An examination of specific items on the DISCERN demonstrates that some items are not often discussed on the mental health Web sites we examined: risks of treatment, uncertainty about treatment choices, and the risks and benefits of not getting treatment. This could reflect a protreatment bias on mental health Web sites, which in turn may be a result of Web site authors attempting to counter stigmatization and undertreatment of mental disorders. For instance, 60% of those with a mental disorder over a 12 month period failed to receive treatment. 36
Our findings on the use of Web site characteristics—such as the HONCode or commercial status—as a quality indicator contribute to the mixed literature on these signs. The present study found a weak but positive relationship between health information quality and the display of the HONCode. However, other studies have found little support for using the HONCode as a quality indicator.31,37 A small correlation was also uncovered suggesting that noncommercial Web sites tended to score higher on the DISCERN and ADWCC measures. This is consistent with prior research findings that nonprofit organizational Web sites tended to score higher on content quality. 26 However, others have found no relationship between quality of health information and commercial status.30,31,35 Given the mixed research findings on these Web site characteristics, it remains unlikely they alone provide a person with a reliable indicator of a Web site's content quality.
Significantly, readability remains an ongoing concern among mental health Web sites. Results indicate that the presence of a HONCode badge is correlated with a small but significant decrease in reading ease and a similar increase in reading grade level. With an average Flesch Reading Ease score squarely in the “difficult” range of readability and an 11th grade reading level score, most Web sites appear to still struggle with producing mental health content at an 8th grade reading level. This echoes other researchers' findings, suggesting publishers of mental health information would benefit from focusing future efforts on making information more readable at a lower grade level.23,31
The present study has several limitations. Because of the fluid and ever-changing nature of the Internet and search engines' algorithms, the results obtained in this study may be impacted over time. The study does not reflect the variability found with regard to individual search engine choices, methods, and phrases chosen. Although both the DISCERN and ADWCC instruments were designed with inexperienced raters in mind, the findings may nonetheless reflect different scores than if experienced raters were used. Since the readability measures employed do not actually measure reading comprehension, they can only act as a proxy for actual comprehension of mental health material.

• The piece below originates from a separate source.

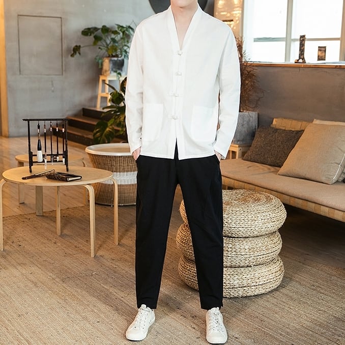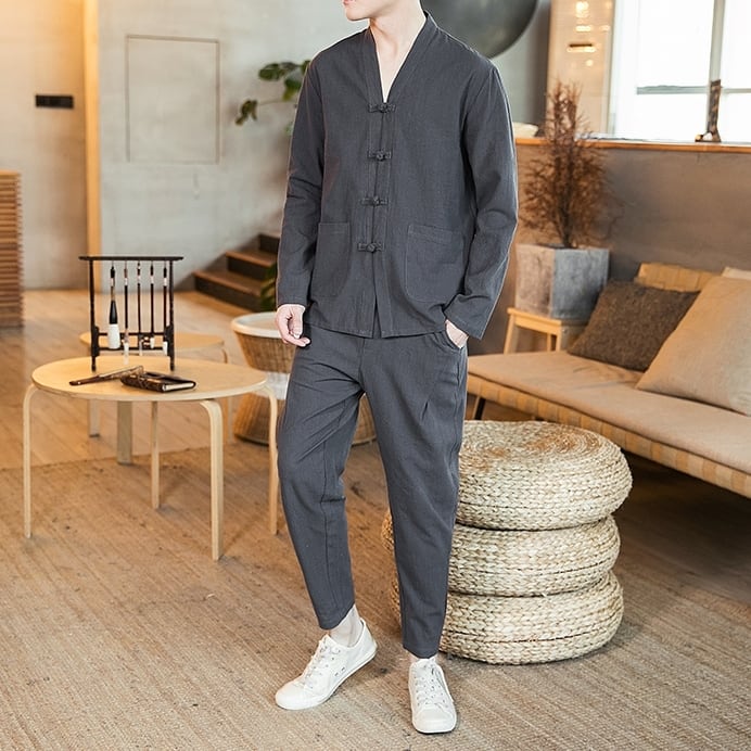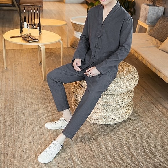 【予約販売】メンズ セットアップ 上下 韓服 生活韓服 ブラック グレー ホワイト 長袖 カジュアル こなれ感 韓国 春夏 BTS M/L/XL/2XL/3XL/4XL/5XL
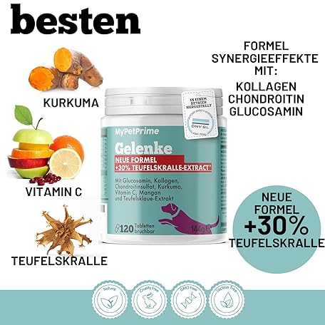 Sản phẩm MyPetPrime JointSupport Formula with MSM, Green-Lipped Mussel Powder, Glucosamine, Chondroitin and Devil's Claw 120 + 5 Extra Tablets Included đang được bán với giá ưu đãi là $31.5119 tại nước Đức.

This study was designed to assess the quality of mental health Web sites found in common search results using a variety of measures and methods. The overall DISCERN and ADWCC scores demonstrate that most of the mental health terms Internet users commonly search for produce generally good or better quality results. The present study confirms that the use of a single Web site characteristic—such as the display of the HONcode badge or commercial status—is unlikely to be a reliable indicator alone of Web site quality, and that readability remains a challenging issue for mental health Web sites. These findings taken together as a whole suggest that search engines' algorithms for returning relevant, good quality search results can largely be trusted in this specific health content domain.
Footnotes
Author Disclosure Statement
John M. Grohol is the owner and publisher of a mental health Web site, Psych Central, some of whose resources were independently rated in this study. Joseph Slimowicz and Rebecca Granda report no conflicts of interest.